L.A. Times media writer James Rainey has not previously talked about the transformation of the LA Weekly from lefty cultural organ known for hard-hitting pieces into pursuer of Jill Stewart's various agendas, with some hard-hitting pieces still. In today's column, Rainey takes a look at the change and the exit of editor Laurie Ochoa. He begins by noticing that a recent piece on Antonio Villaraigosa "employed more semantic spin than Kobe Bryant puts on a jump shot, along with a prosecutorial methodology that proved much more about the declining quality of our city's dominant alternative newspaper than it did about our attention-grasping mayor."
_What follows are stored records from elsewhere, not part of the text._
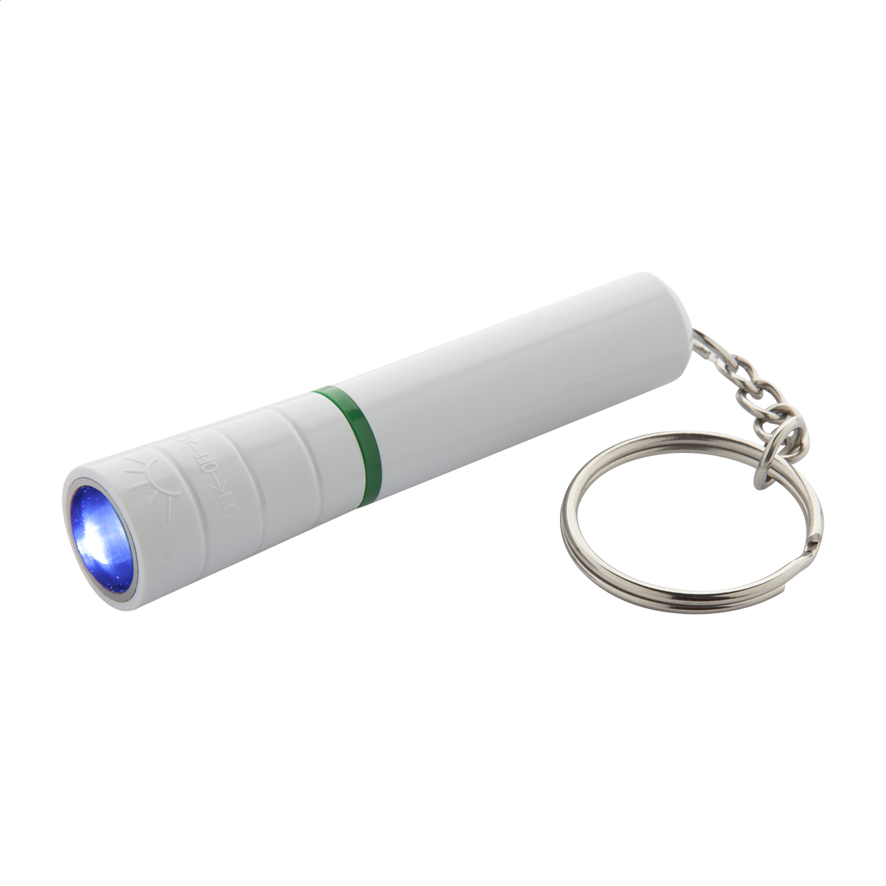 Mini torcia in plastica con 1 LED e portachiavi in metallo. Fornita di batteria a bottone.
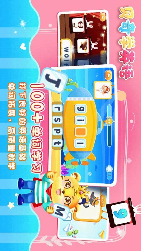 5、学字母:设计教室、黑板、小恐龙老师、学生等的场景,教宝宝进行字母的认读、书写笔顺、组词、英文及实物翻译,模拟真实课堂环境,增强学习代入感。
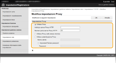 Selezionare la casella di controllo [Utilizzo Proxy] e specificare le impostazioni richieste.

The Weekly has fallen far from the days it was required reading for those in the know about the city. In those days, the paper belonged to powerful writers such as Michael Ventura and Harold Meyerson, the political savant who now writes op-ed columns for the Washington Post.
But many who work at the paper attribute its tone and direction in the last couple of years to its news editor, Jill Stewart.

A convoluted history brought Stewart -- a former L.A. Times reporter and flame-throwing columnist for the now-defunct New Times Los Angeles -- to the Weekly to replace popular news editor Alan Mittelstaedt, who was forced out in late 2006.

While Ochoa remained in charge of the overall operation, a couple of people who worked at the paper told me she effectively ceded control of news to Stewart, a favorite of the Village Voice Media executives who oversee the operation....

[skip]

Cooper and others have written about the stark change in political focus that infused the paper after Stewart's arrival. The Weekly's faithfully pro-union, lefty bent gave way to the news editor's libertarian sensibility. "Laughable 'reporters' were brought in," Cooper wrote, "to scribble highly ideological pieces that reflected Stewart's world view."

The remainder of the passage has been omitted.